Addressing the Growing Demand for Allergen-Free Dining



Last New Year’s Day, an 11-year-old boy died tragically in Brooklyn, N.Y., apparently from inhaling the fumes rising off the fish his grandmother was cooking. At the time, health officials pointed out that such an incident is extremely rare, but it illustrates how important it is for anyone involved in food preparation to understand the risks of food allergies.

Beatrice Povolo, director of Advocacy and Media Relations for the organization Food Allergy Canada, says more than 2.6 million Canadians — roughly 7.5 per cent — report at least one food allergy. A national U.S. study released last January by Lurie Children’s Hospital and Northwestern University found food allergies are rising, with about 10.8 per cent of U.S. adults affected — double the proportion found in previous studies.

Consequences of being exposed to an allergen range from skin irritations, such as hives, to difficulty breathing, digestive upset and lowering of blood pressure. The most severe form of reaction, known as anaphylaxisis, can be fatal. Food Allergy Canada currently lists peanuts, tree nuts, milk, eggs, fish, wheat, sesame, soy, mustard, mollusks (including clams, oysters, snails and squid), crustaceans (such as shrimp, crab and lobster) and sulphites (used as a food additive) as the most common allergens. In addition, some diners have intolerances or sensitivities to food compounds such as gluten or milk.

“It’s a very serious topic, one not to take lightly,” says Anesie Johnson-Smith, VP of Marketing for Service Inspired Restaurants (SIR Corp.), whose brands include Jack Astor’s Bar & Grill, Canyon Creek and Scaddabush Italian Kitchen & Bar. SIR Corp. requires all servers to be trained on food allergies.

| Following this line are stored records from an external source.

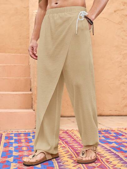 Manfinity VCAY Men's Woven Casual Loose Fit Solid Elastic Waist Straight Leg Pants - Coffee Brown - View 1
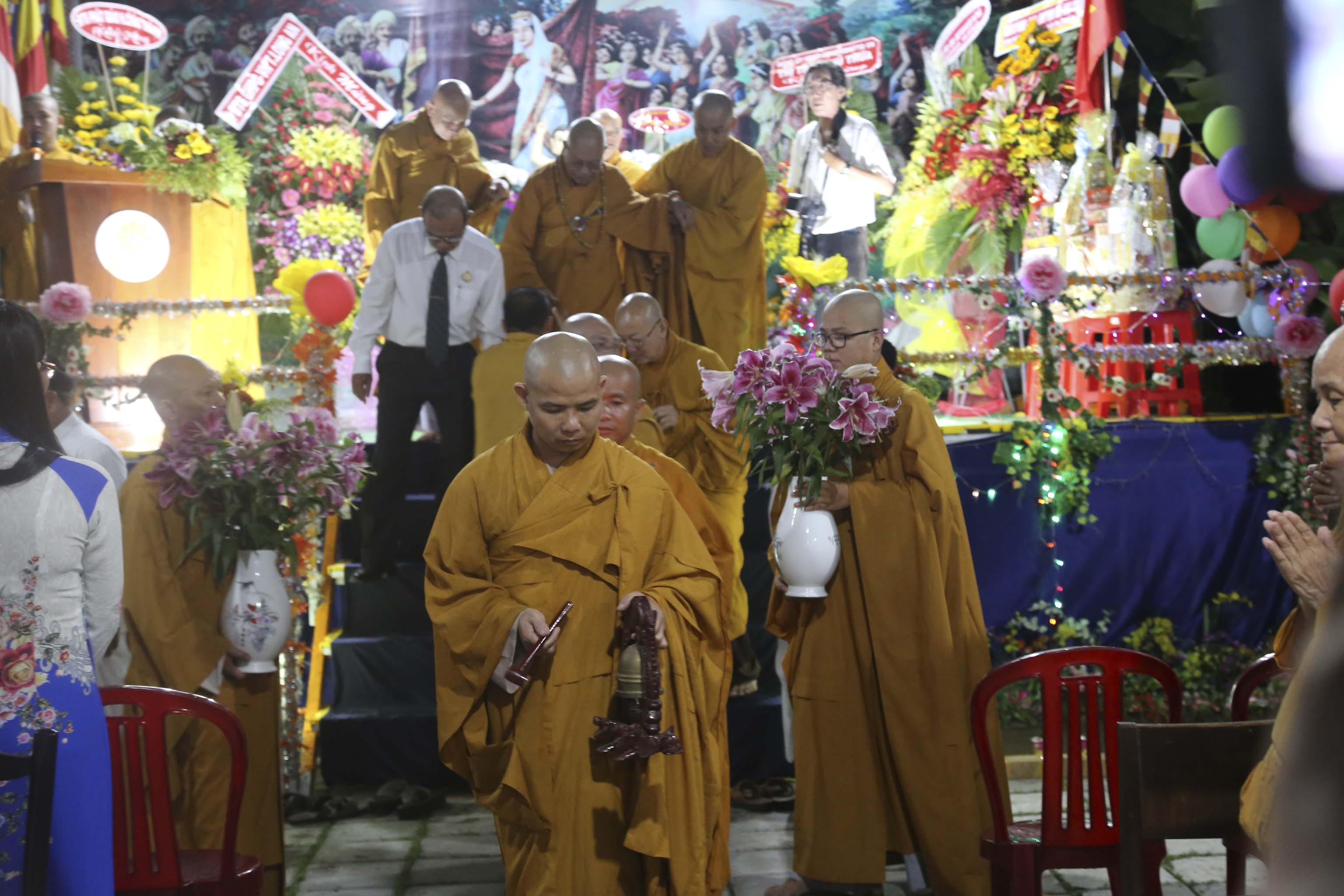 Vào lúc 16g, chư Tôn đức Tăng Ni và hơn 300 Phật tử huyện nhà đồng vân tập về chùa Thiên Phước. Đúng 17g, Ban nghi lễ trân trọng cung thỉnh chư Tôn đức Giáo phẩm quang lâm hội trường chứng minh Lễ khai mạc. Các Phật tử đồng trang nghiêm hai hàng cung nghinh quý Ngài.
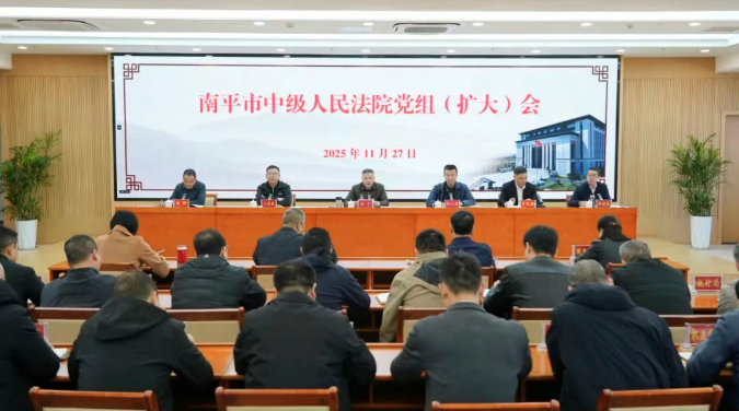 11月27日,南平市中級人民法院召開黨組(擴大)會,傳達學習省委十一屆九次全會、市委六屆十次全會和省法院黨組會精神,研究初步貫徹意見。南平中院黨組書記、院長池力主持會議并講話。
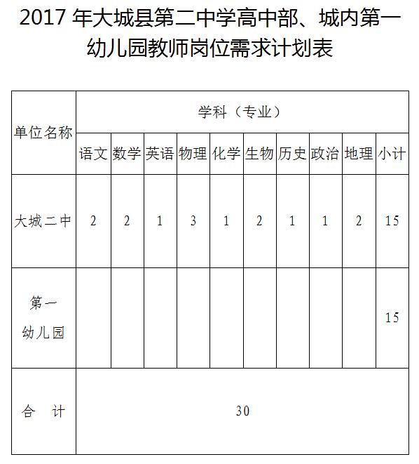 2017河北大城縣二中高中部、第一幼兒園招聘教師公告【招30人】
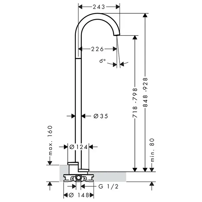Длина излива, см
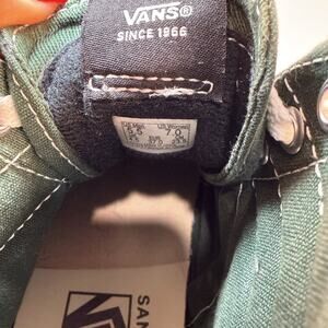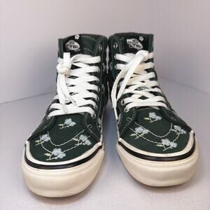 This is the highly sought-after Vans x Sandy Liang SK8-Hi collaboration, featuring a unique, elevated design. The classic high-top silhouette is constructed with a dark green canvas upper adorned with delicate embroidered blue and yellow floral motifs. The shoe maintains signature Vans elements like the white laces and waffle outsole, but is updated with thick, contrast stitching that highlights the panels. The footbed is co-branded "VANS x SANDY LIANG". This sneaker is a perfect blend of skate heritage and New York-based designer Sandy Liang's playful, nostalgic aesthetic.
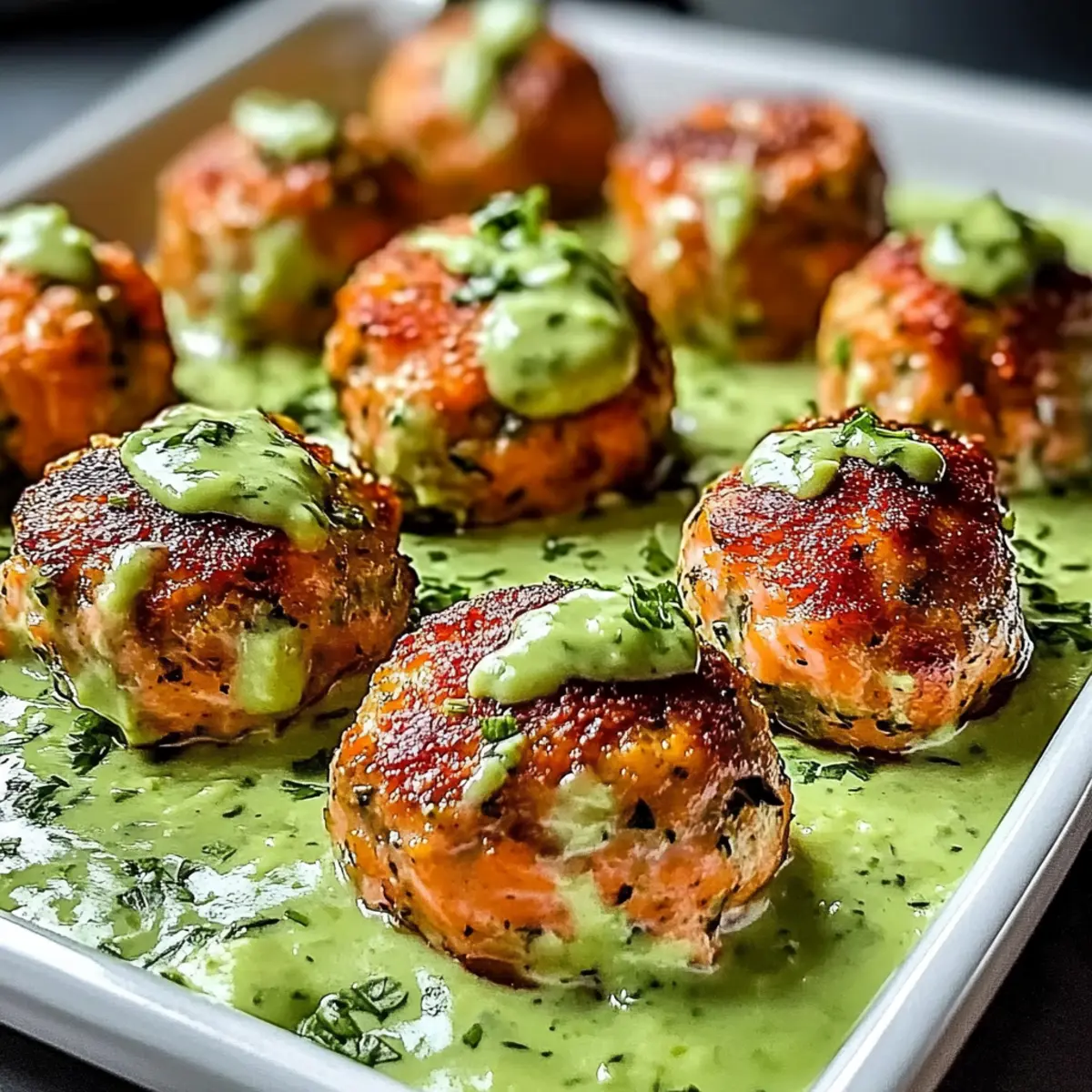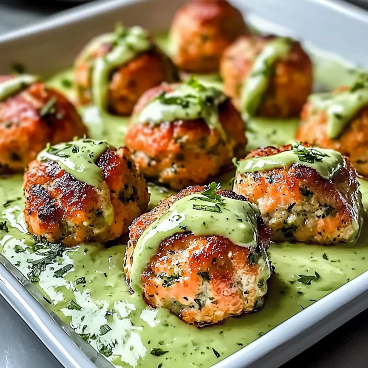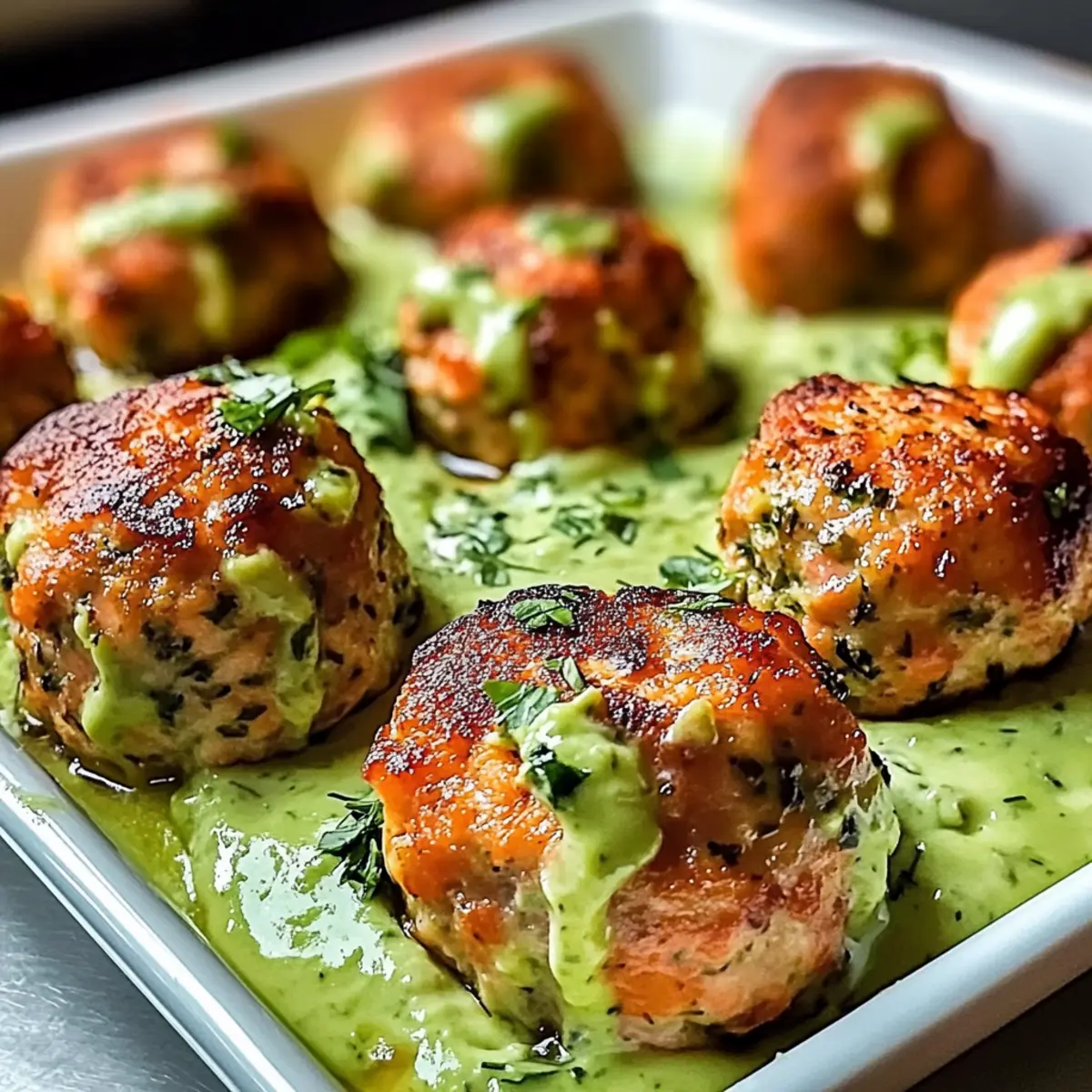 Baked Salmon Meatballs with Creamy Avocado Sauce Bliss
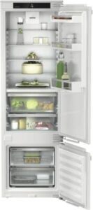 Inbouw-koel-/vrieskombinatie, Vaste deur montage, 363 l Inhoud koelgedeelte, waarvan 70,6 l Versheidzone, BioFresh, Superkoelen, 2, 3 Glasplateaus, 160 l Inhoud vriesgedeelte, 2 Lade, NoFrost, LED verlichting, IJsblokjesdispenser voor IJsblokjes, Display, Touch-functie, Digitale temperatuurweergave, Koel-/vriesgedeelte apart regelbaar, Energieklasse E, netto breedte: 91 cm, netto hoogte: 202,7 cm, netto diepte: 61 cm
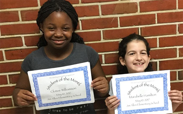 Jim Allen Elementary School has named Students of the Month for May. They are Clotee Williamson (left) and Marabelle Hamilton. Courtesy photo for NorthEscambia.com, click to enlarge.
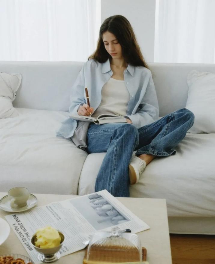 不喜歡基礎款襯衫,可以嘗試下牛仔藍襯衫,溫柔的水藍色襯衫,內搭一件白色背心,層次感就出現了。這樣的穿法清爽又不會太顯單調,下裝搭配一條牛仔直筒褲,利落顯瘦還不失隨性,腳下以上白色運動鞋,也太減齡舒適了。
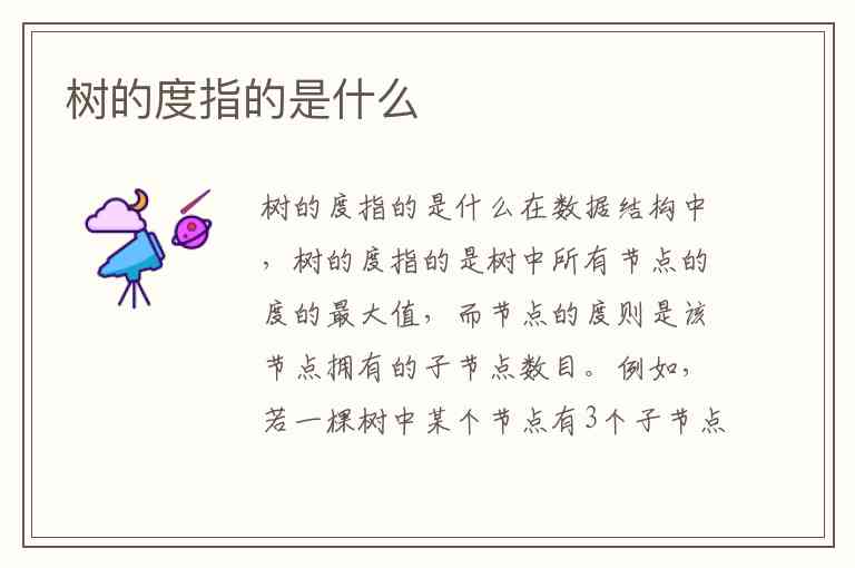 在数据结构中,树的度指的是树中所有节点的度的最大值,而节点的度则是该节点拥有的子节点数目。例如,若一棵树中某个节点有3个子节点,其他所有节点的子节点数都不超过3,那么这棵树的度就是3。
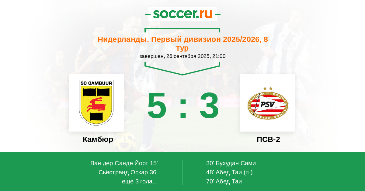 Камбюр - ПСВ-2: обзор матча 26 сентября 2025
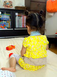 冷えピタを貼ってリビングにお布団を引いて大人しく遊んでいます。
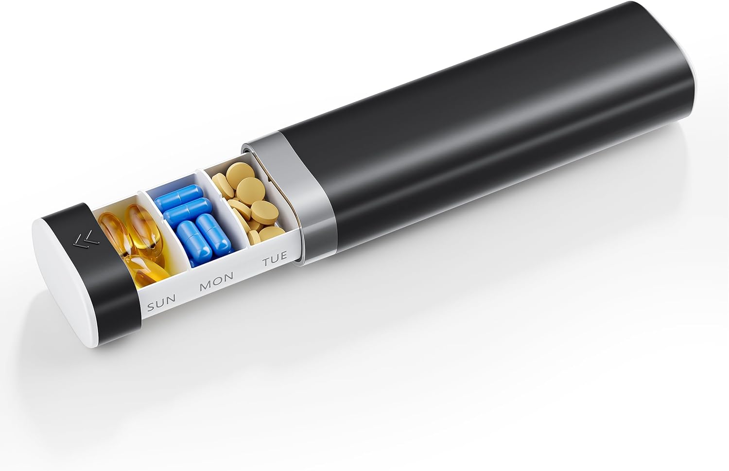 Betife Travel Pill Organizer Weekly 7 Day, Compact Daily Pill Box, Portable Medicine Case, Cute Pill Holder for Vitamins Supplements, Drawer-Shaped Pills Organizer (Black)
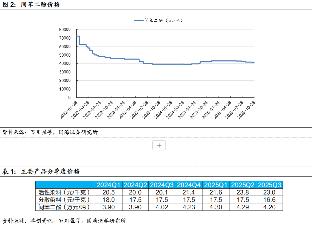 2025年前三季度,公司实现营业收入96.71亿元,同比下降8.85%;实现归属于上市公司股东的净利润13.97亿元,同比增加3.23%。2025年前三季度,染料行业市场竞争依然激烈,国内产能过剩导致染料销售价格一直处于相对底部。据卓创资讯,2025年前三季度,活性染料在上游H酸涨价的成本支撑下,均价为22.8元/千克,同比上涨2.6元/千克,分散染料价格仍有所下滑,均价为17.2元/千克,同比下降0.5元/千克。前三季度,主要中间体间苯二酚价格有所回升,据百川盈孚, 2025年前三季度,间苯二酚均价4.30万元/吨,同比略涨0.33万元/吨。
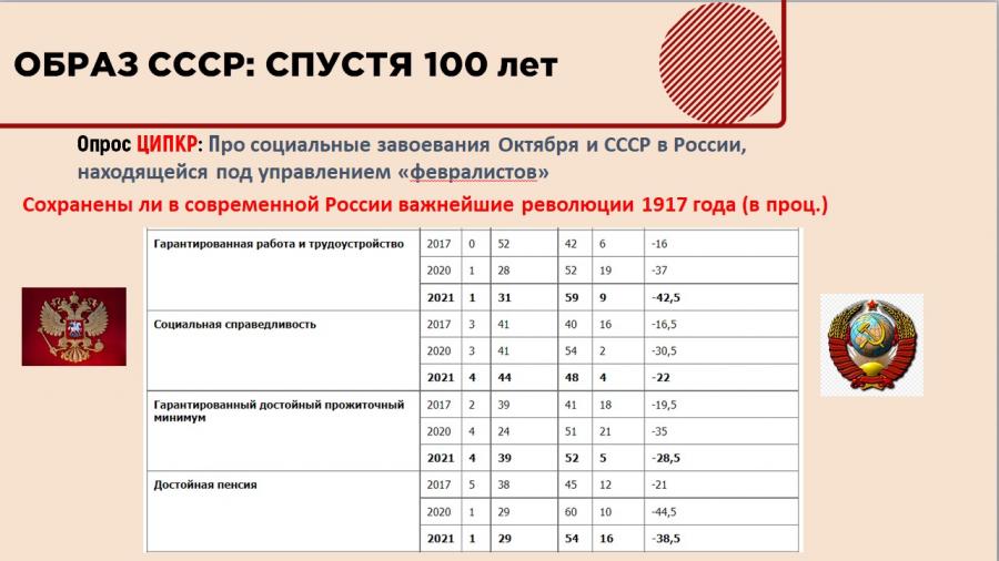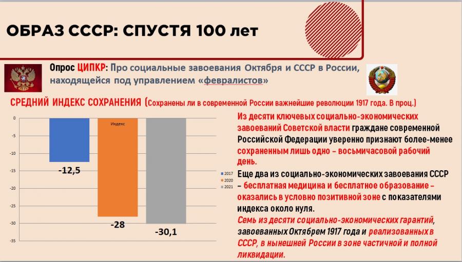 Семь из десяти социально-экономических гарантий, завоеванных Октябрем 1917 года и реализованных в СССР, как считает большинство граждан современной России, в нынешней РФ в зоне частичной и полной ликвидации.

“The most important thing for people in foodservice to know,” says Povolo, “is that a food allergy is a medical condition that must be taken seriously, because, unfortunately, even a small amount of an allergen can cause a severe reaction.”


“Due to the risks faced by allergic consumers, there is a growing market for allergen-safe food,” says Restaurants Canada’s Food Allergies: A guide for restaurants. The investment in setting up a food-allergy system can pay off in the loyalty of diners dealing with allergies, while it attracts those who simply want to know more about the ingredients.

“This is a very loyal group of consumers,” says Povolo. “Once they have a certain comfort level, these are repeat customers.”

At Sir Corp., servers are trained to contact a manager when they identify a guest with a food allergy or intolerance. After determining the severity of the allergy, the manager then assists the guest in selecting menu items and personally communicates with the kitchen. An “allergy kit” (sanitized cutting board, knife, tongs and gloves) is used to prepare the food. Common allergens, such as peanuts and croutons, are kept on the expo side rather than on the line, to reduce chances for cross-contamination.

“We also have dedicated gluten-free fryers,” says Johnson-Smith. “Yes, there’s a little bit of upfront work that goes into it, but it’s worth it — the trust our guests put in us speaks volumes about that.”

As parents of children with severe food allergies, Pauline Oseña and Matt Gauvin decided to open their own allergy-aware fast-casual restaurant and bakery, Hype Food Co., in Toronto’s Leslieville neighbourhood. Their kitchen is free from major allergens; ingredients are stored and handled with care to avoid cross-contamination; and the build-your-own-meal concept makes it easy for guests to customize orders.

“We get people with food allergies, probably daily, but the majority of our regular business is the locals around who want to eat healthy,” Oseña says. “I certainly think there’s a growing market.”